Nel 1975 fu l'arch. Giancarlo De Carlo incaricato del piano particolareggiato della città a produrre un discusso progetto di intervento al Borgo S.Giuliano; noto promotore di un ‘urbanistica partecipata', formulata sull'integrazione centro-periferia, sulla priorità delle funzioni e attività urbane, della viabilità e trasporto pubblico, De Carlo lascia alle spalle tutto ciò che di simbolicamente estetico potesse far leva sull'immaginario, cioè l'idea di un borgo antico e pittoresco nella sua secolare povertà, per promuovere un ammodernamento formulato sul presupposto di più confortevoli abitazioni, dalla tipologia architettonica libera e aperta, mantenendo inalterata l'area e l'impianto del borgo originario, luogo di radicata identità per i suoi abitanti.
Se si osserva la pianta di Rimini redatta nel 1909 dal Fiorentini l'area della sinistra del porto risulta allora completamente libera da fabbricati e abitazioni fatta esclusione della fabbrica di concimi lungo il porto canale.

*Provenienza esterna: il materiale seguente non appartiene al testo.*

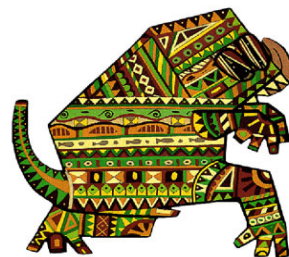
TRIMOBE, LE MONSTRE Trimobe, le monstre Crimobe, le monstre

Nel 1927 c'era l'idea di urbanizzare l'area alla sinistra del Porto dopo l'acquisto dei terreni, ma poi il programma residenziale verrà abbandonato. Per ragioni economiche e congiunturali non fu possibile procedere nemmeno al risanamento del vecchio borgo, nonostante le buone intenzioni e l'avvio di una convezione tra Società case Popolari e Comune che aveva avviato i lavori al quartiere Marecchia per poi ridimensionare tutto il progetto.

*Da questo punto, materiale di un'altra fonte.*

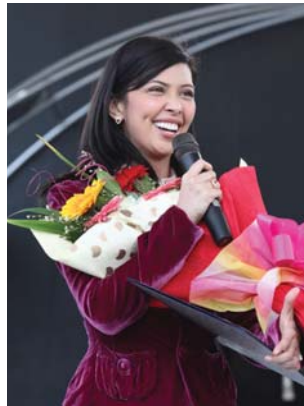
Srta. Pops Fernandez, la "Reina del Concierto" de las Filipinas.

Siguiendo al desfile, la concurrencia se congregó en la tribuna Quirino para el programa de entretenimientos que incluía las actuaciones de la Banda de las Filipinas de las Fuerzas Armadas y de la Universidad Politécnica de Banda Kawayan con instrumentos musicales nativos hechos de bambú. Las ganadoras de la "Competencia de Animadoras por la Paz" realizaron saltos acrobáticos y danzas de rutina bajo el lema de "Una sola familia bajo Dios", seguidos por actuaciones de cultura tradicional Filipina por el grupo de danza Rizalistas "Rigodon de Honor" y el famoso Grupo de Danza del Festival Ilo-ilo Dinagyang.

E alla Barafonda c'era la malaria
Ci furono casi di malaria, al borgo e alla Barafonda, seppur sporadici, agli inizi del ‘900. Le abitazioni erano giudicate "antigieniche e malsane", ma alla bonifica del sito presto si aggiunsero altri significati, anche politici. S.Giuliano, come gli altri borghi della città, esprimeva un disagio abitativo, cui si aggiungevano come aggravanti le difficili condizioni della viabilità, della rete idrica e fognaria che invano dagli anni dell‘unità continuavano a rimanere problemi irrisolti malgrado le proteste, le proposte e i regolamenti edilizi comunali. Il risanamento del Borgo S.Giuliano fu un'esigenza sentita dalla municipalità con un'urgenza che cresceva in proporzione allo sviluppo della città turistica, al suo decoro e alla redditività dei suoi abitanti e delle imprese economiche.

Così nacque l'Ina Casa
Nel 1953 aprirono i cantieri del "piano Fanfani"

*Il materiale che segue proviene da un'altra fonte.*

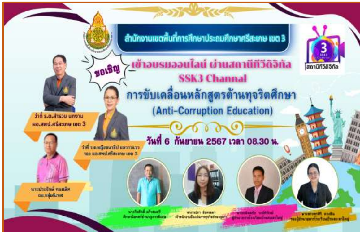
วิทยากรนำเนอผลงาน การขับเคลื่อนหลักสูตรด้านทุจริตศึกษา ผ่านสถานีโทรทัศน์ทีวีดิจิทัล SSK3 สำนักงานเขตพื้นที่การศึกษาประถมศึกษาศรีสะเกษ เขต 3

La risposta alla precarie condizioni del borgo di S.Giuliano, alla necessità degli alloggi che la tragica emergenza della guerra aveva reso improcrastinabile, fu la realizzazione da parte di Ina Casa e IACP di Forlì del Quartiere Porto verso l'area della marina. Rientra perciò nel soccorrevole piano di intervento dello Stato nel dopoguerra (L.43 del 1949, noto anche come Piano Fanfani, allora promotore e ministro del Lavoro e della Previdenza sociale) la realizzazione dell'edilizia pubblica su tutto il territorio nazionale.
Le prime case furono costruite a schiera su progetto dell'ing.Manfredini nel 1953 cui si aggiunsero altre tre fabbricati (arch. Bruschi) a tre piani. Nel 1956 si completò l'intervento con altre costruzioni, dalla diversa tipologia, (a torre, a schiera, in linea). Il quartiere tuttoggi si distingue per la presenza di spazi aperti destinati al verde e agli alberi che contornano le abitazioni, di aree cortilizie e piccole piazzette che rispondono ad un principio civico e aggregativo del vivere urbano.